Member of the New Mexico House of Representatives from the 27th district
- In office January 15, 1995 – October 1, 2018

Personal details
- Born: December 31, 1937 near Encino, New Mexico, U.S.
- Died: October 9, 2018 (aged 80) Albuquerque, New Mexico, U.S.
- Party: Republican
- Occupation: Civil Engineer

= Larry Larrañaga =

American politician (1937–2018)

Lorenzo Archibeque Larrañaga (December 31, 1937 - October 9, 2018) was an American politician who was a Republican member of the New Mexico House of Representatives, representing the 27th District since 1995. He served on the House Agriculture and Water Resources committee, Appropriations and Finance committee and Rules and Order of Business committee.

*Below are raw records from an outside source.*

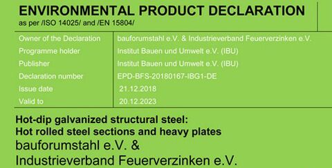 Düsseldorf - Die erstmals in 2013 veröffentlichte Umweltproduktdeklaration für feuerverzinkte Baustähle wurde im Dezember 2018 aktualisiert und ist bis Ende 2023 gültig. Seit Kurzem ist sie auch in englischer Sprache verfügbar.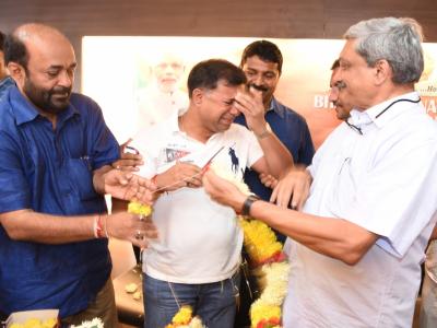 भाजप कार्यालयाबाहेर समर्थकांसमवेत मुख्यमंत्री मनोहर पर्रीकर. (छाया- गणेश शेटकर)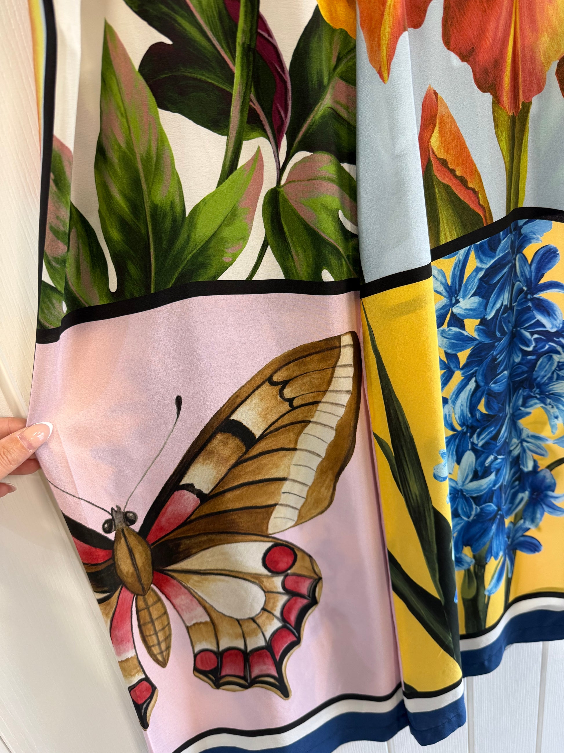 Max Mara wide-leg trousers in UK12, crafted from a silky fabric adorned with a bold botanical and butterfly print in vibrant shades of yellow, blue, pink, and green. Designed with an elasticated waistband for comfort and a flowing drape for effortless elegance. A statement piece perfect for adding colour and sophistication to warm-weather dressing. RRP £260. Excellent preloved condition.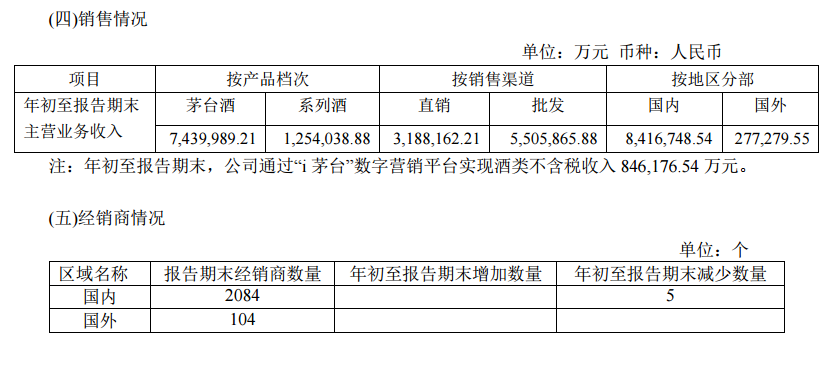 此外,前三季度直销渠道金额达到318.82亿元,比去年同期增长了超过一倍,而批发渠道则同比微降至550.59亿元;国内茅台经销商也减少了5个,最新为2084个,三季度也未增加新的经销商。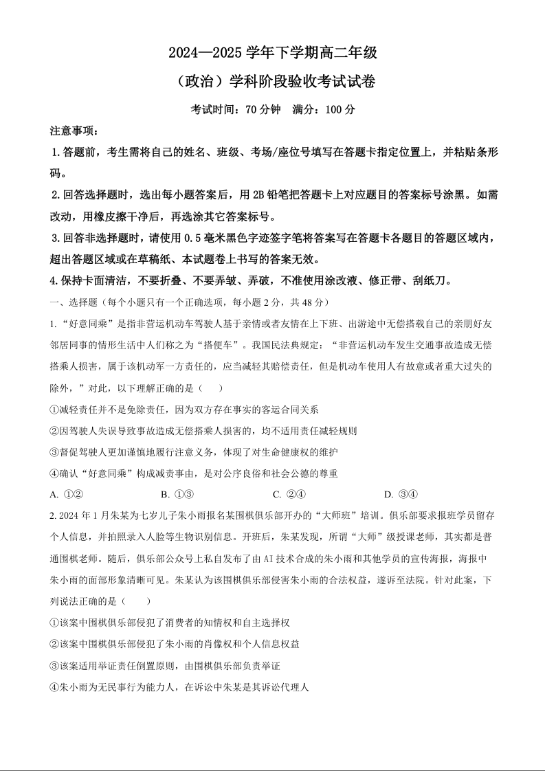 吉林省长春市东北师范大学附属中学2024-2025学年高二下学期3月月考试题政治(原卷版)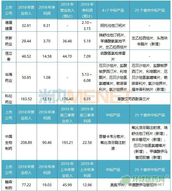 表1:第一批帶量采購中標(biāo)產(chǎn)品涉及上市公司的業(yè)績情況(單位:億元)
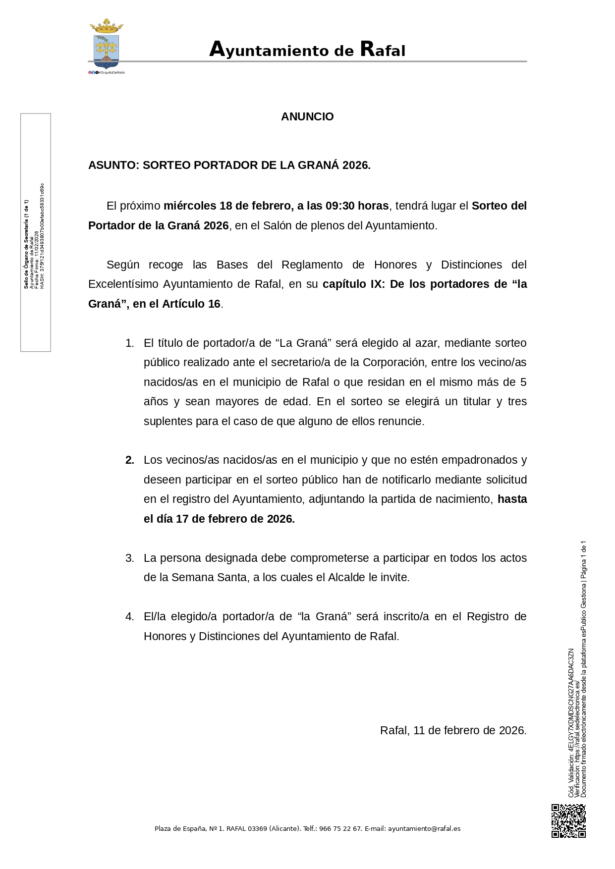 El próximo miércoles 18 de febrero, a las 9:30 horas, tendrá lugar en el Salón de Plenos del Ayuntamiento de #Rafal el Sorteo del Portador de La Graná 2026, de entre los vecino/as nacidos/as en el municipio o que residan en el mismo más de 5 años y sean mayores de edad.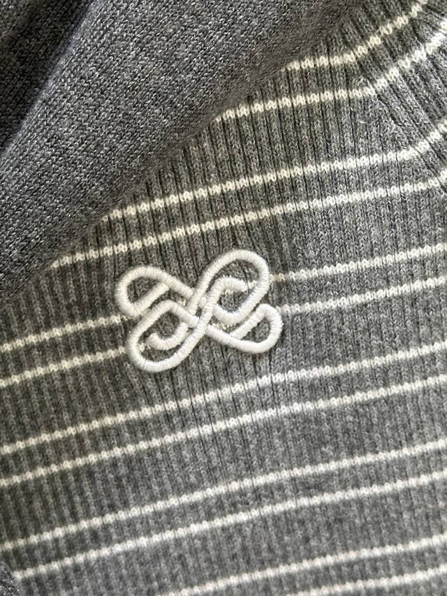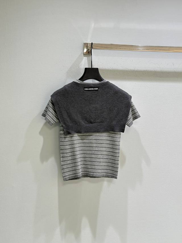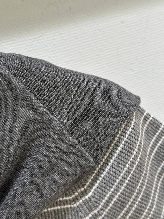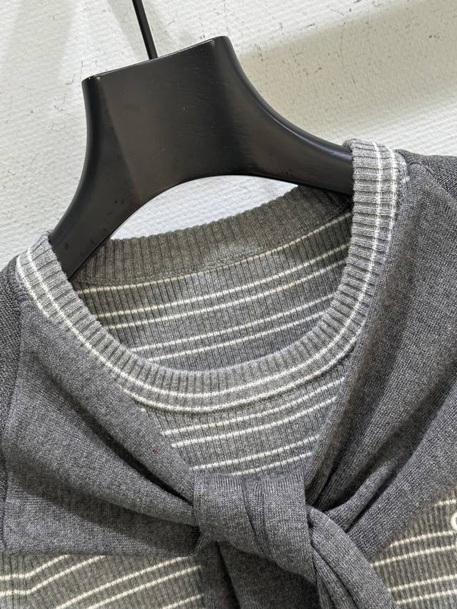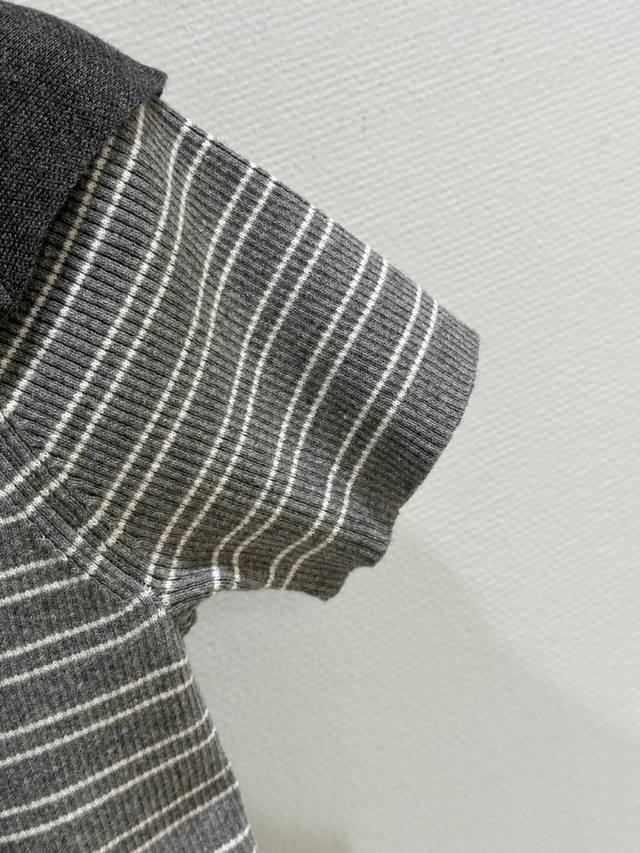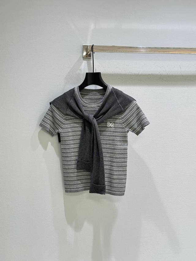 25Ss Early Fall New Arrivals! Shawl Striped Short Sweater Short Sleeve Top Decorated with Novel Horizontal Stripes Unique Design Unique Series Reflects Simple and Vibrant Style Short Sweater and Removable Shawl Design Decorated with Horizontal Stripes and Logo Embroidery Logo Embroidery Presents Vibrant Single Item for Daily Wear! Available in Gray and Brown Sml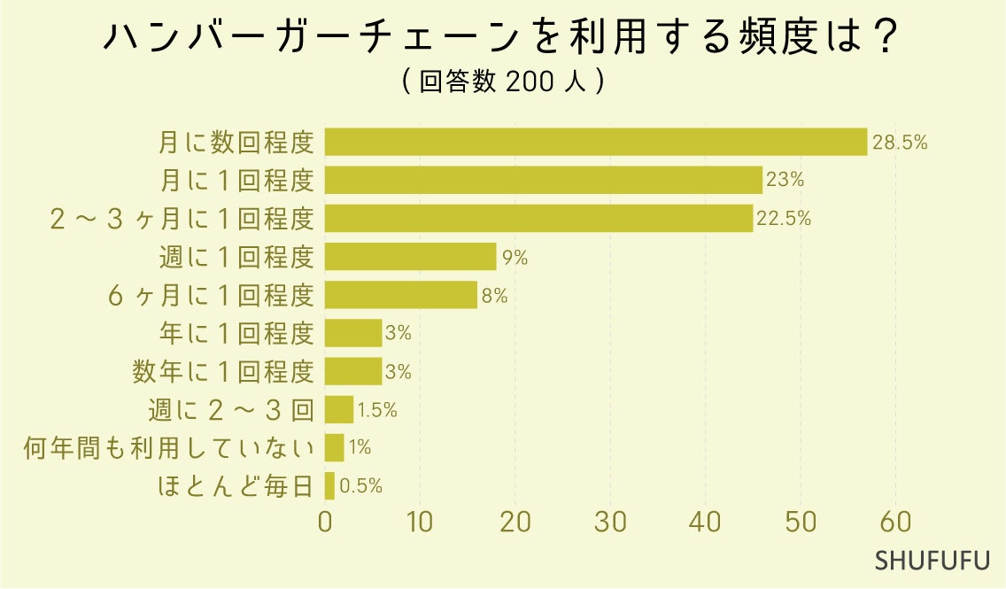 200人にハンバーガーチェーンに関するアンケート調査を行った所、利用頻度に関しては「月に数回程度」と回答する人が最も多かったです。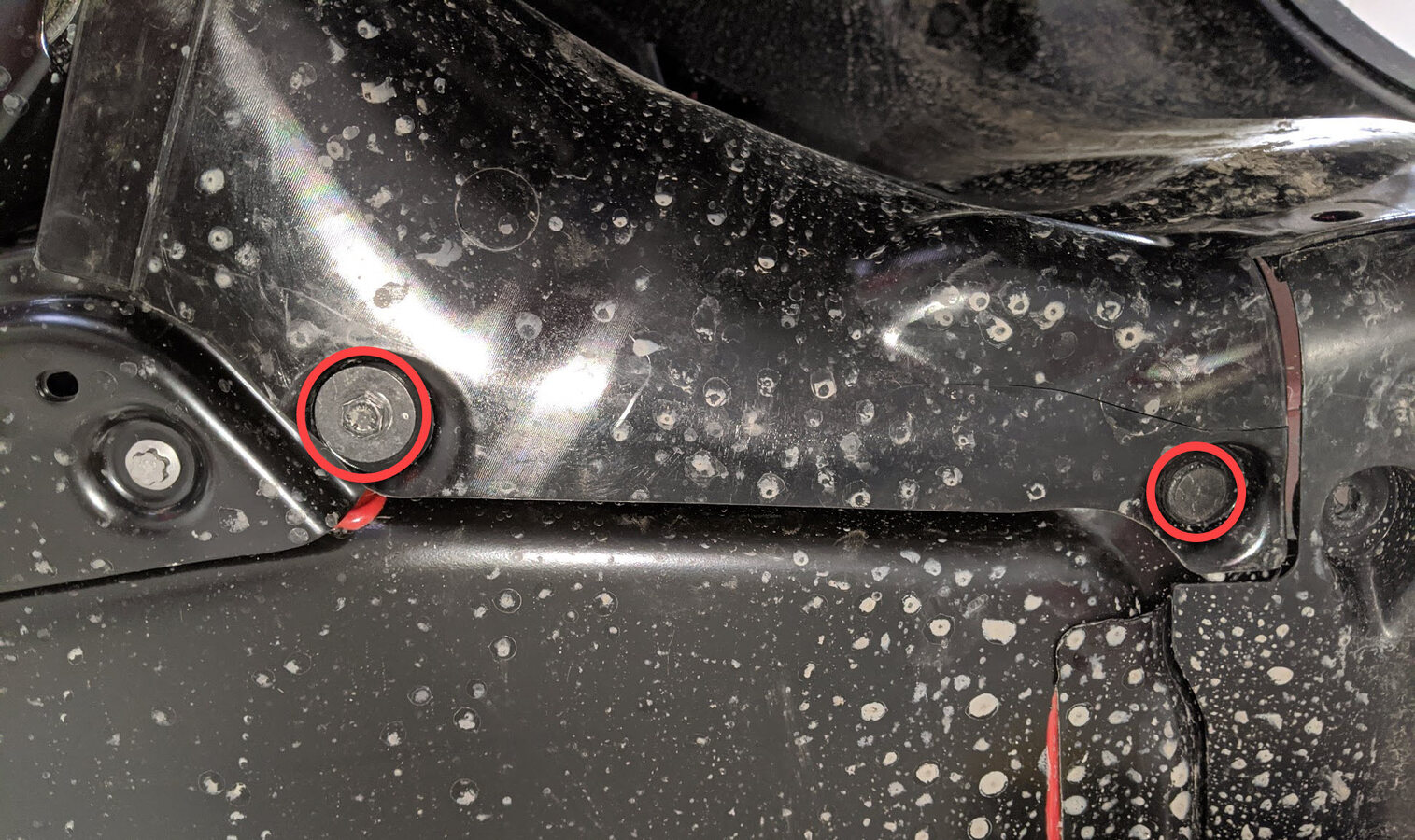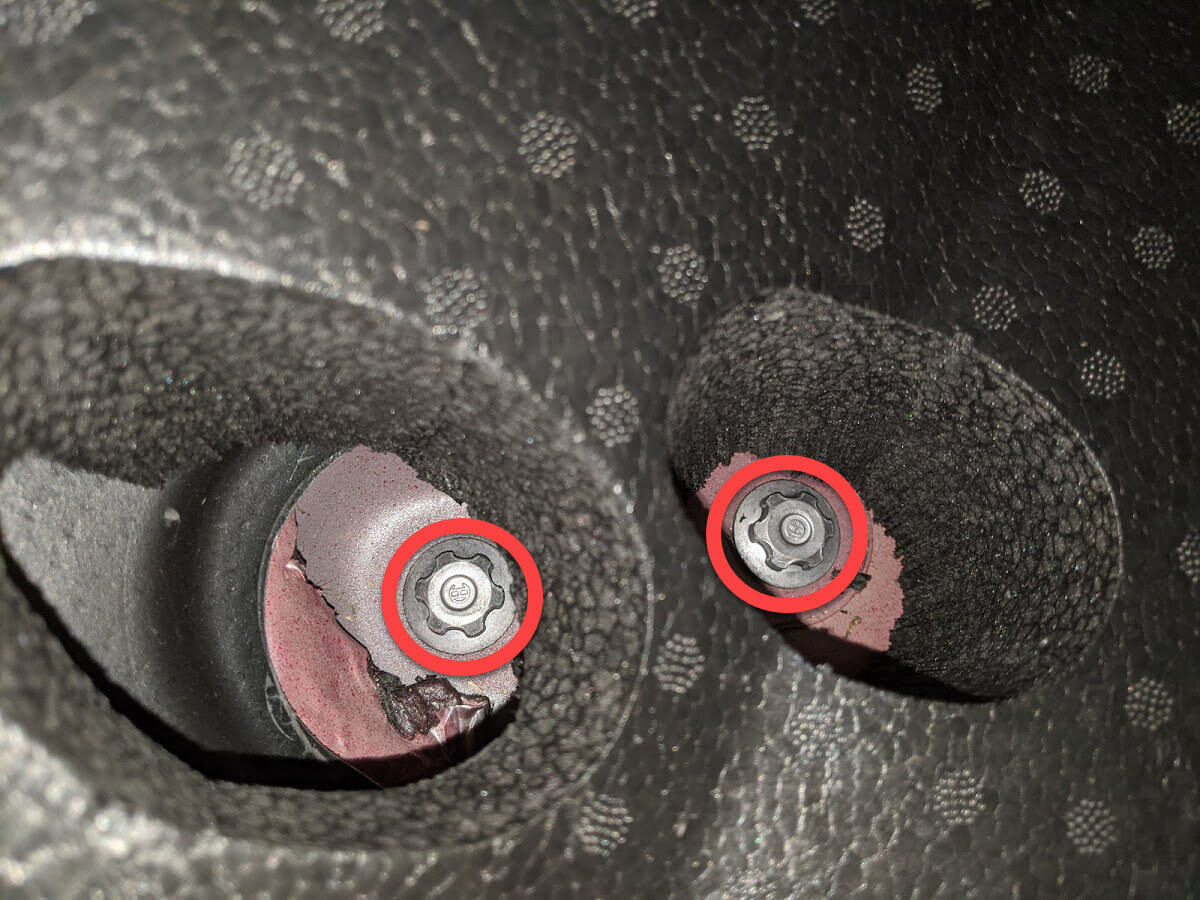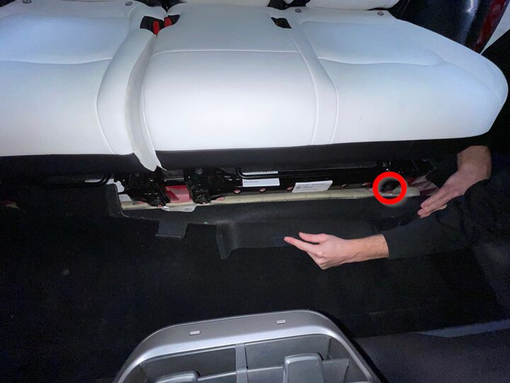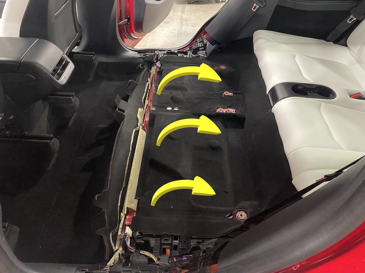 Separate carpet perforation below RH front seat to access RH middle inner HV battery bolt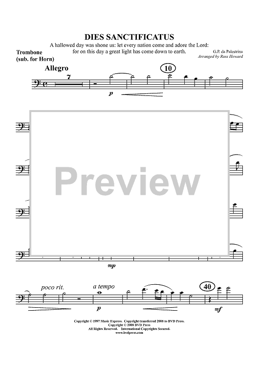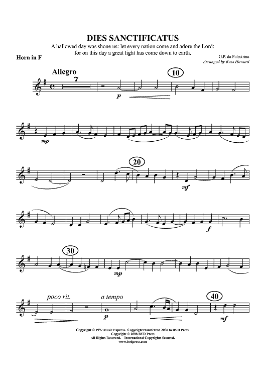 Digital Sheet Music for Dies Sanctus - Horn in F (plus optional part for Trombone) by Giovanni Pierluigi da Palestrina, Russ Howard scored for Brass Quartet; id:404675
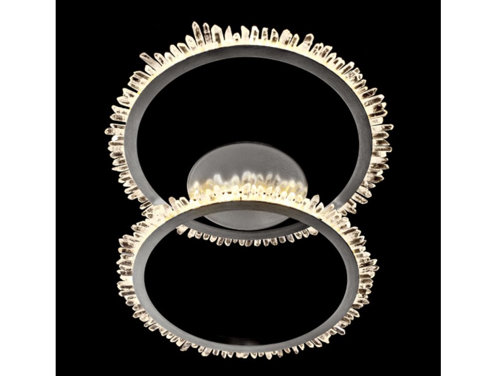 Lampada da parete o soffitto composta da cristalli di quarzo fissati in due cerchi di metallo di finitura satinata. Ideale per arredare e illuminare cucina, salotto, camera da letto e corridoio. Disponibile color oro satinato o nichel satinato.

He attended the University of New Mexico where he attained his masters and bachelor's degrees in engineering and civil engineering. He served in the United States Army. Larrañaga was the retired owner of a ranching company. He also worked as an engineer for the State of New Mexico in the highways department, also serving as Secretary of Highways in 1982. He was Deputy Chief Administrator for the City of Albuquerque from 1987 to 1988.

He lived in Albuquerque and was married with two children. Larrañaga resigned from the House of Representatives and his re-election campaign on October 1, 2018, due to health problems (probable Creutzfeldt-Jakob disease), and died just over a week later on October 9, 2018.

Lorenzo is a descendant of Cristoval Larrañaga, Military Surgeon.

On March 7, 2019, the Legislature of the State of New Mexico, in a unanimous vote, named the 27 mile section of US 285 between Clines Corners and Encino, New Mexico, the "Representative Lorenzo "Larry" Larrañaga Corridor".